Wie sehen unsere israelischen Partner:innen die staatliche Reaktion auf die Verbrechen der Hamas?

Sie leben in einem Land, in dem eine Mehrheit der Bevölkerung eine rechtsextreme Regierung gewählt hat. Eine Regierung, gegen die alle unsere Partner:innen sind. Schon vor Samstag war die anti-palästinensische Stimmung extrem stark und auch die Ablehnung jeglicher israelischer Anti-Besatzungsaktivitäten und -Aktivist:innen.

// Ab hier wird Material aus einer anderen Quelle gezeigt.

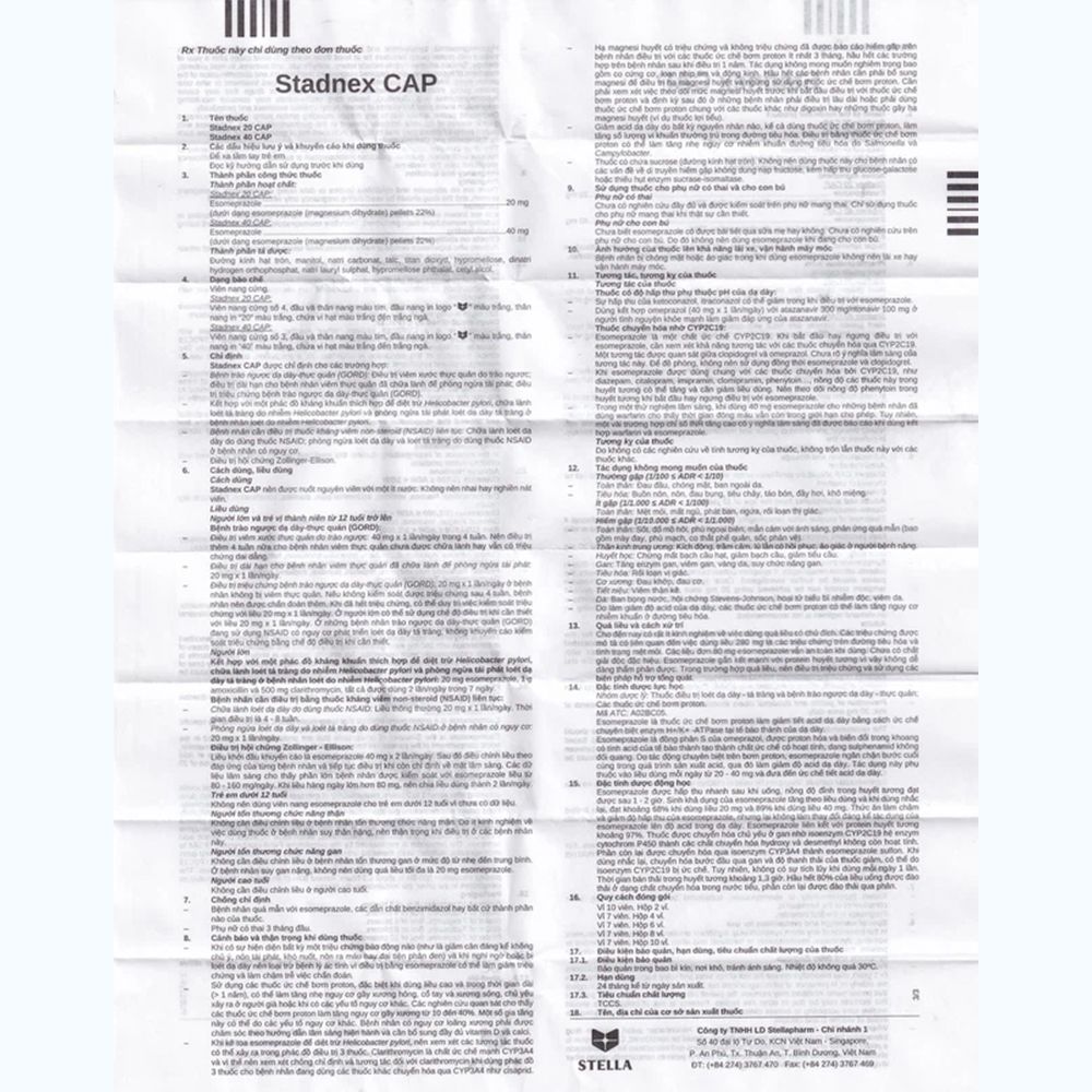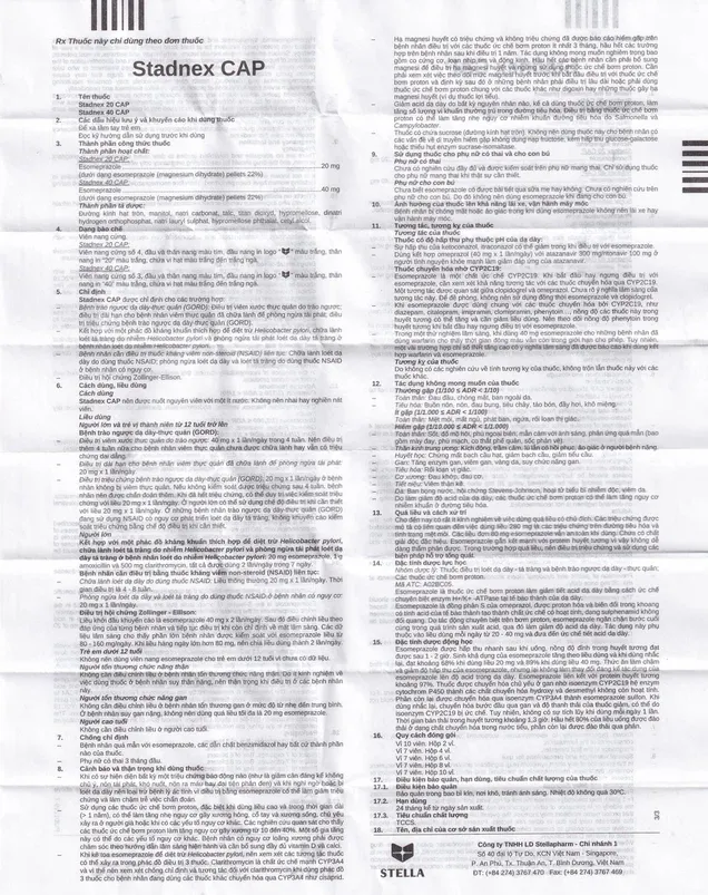 Stadnex 40 CAP thành phần chính là esomeprazol (dưới dạng esomeprazol magnesidihydrat). Thuốc dùng để điều trị bệnh trào ngược dạ dày – thực quản (GERD), chữa lành loét tá tràng do nhiễm Helicobacter pylori và phòng ngừa tái phát loét dạ dày tá tràng, điều trị hội chứng Zollinger – Ellison.

Nach dem Angriff der Hamas auf die israelischen Gemeinden mit rund 1.200 Toten, Tausenden von Verletzten und bis zu 150 entführten Personen könnten die Aufrufe unserer Partner:innen zur Zurückhaltung gegenüber den Palästinenser:innen sie von einem großen Teil ihrer eigenen Gesellschaft entfremden. Dabei sei darauf hingewiesen, dass viele israelische Organisationen die Freilassung der Geiseln fordern. Sie bringen ihr Entsetzen und ihre Betroffenheit über die Massaker der Hamas zum Ausdruck, fordern aber die Öffentlichkeit und die Regierung auf, nicht die Menschen in Gaza dafür zu bestrafen. Nahezu 50 Prozent dort sind jünger als 16 Jahre.

Das Interview wurde von Riad Othman geführt.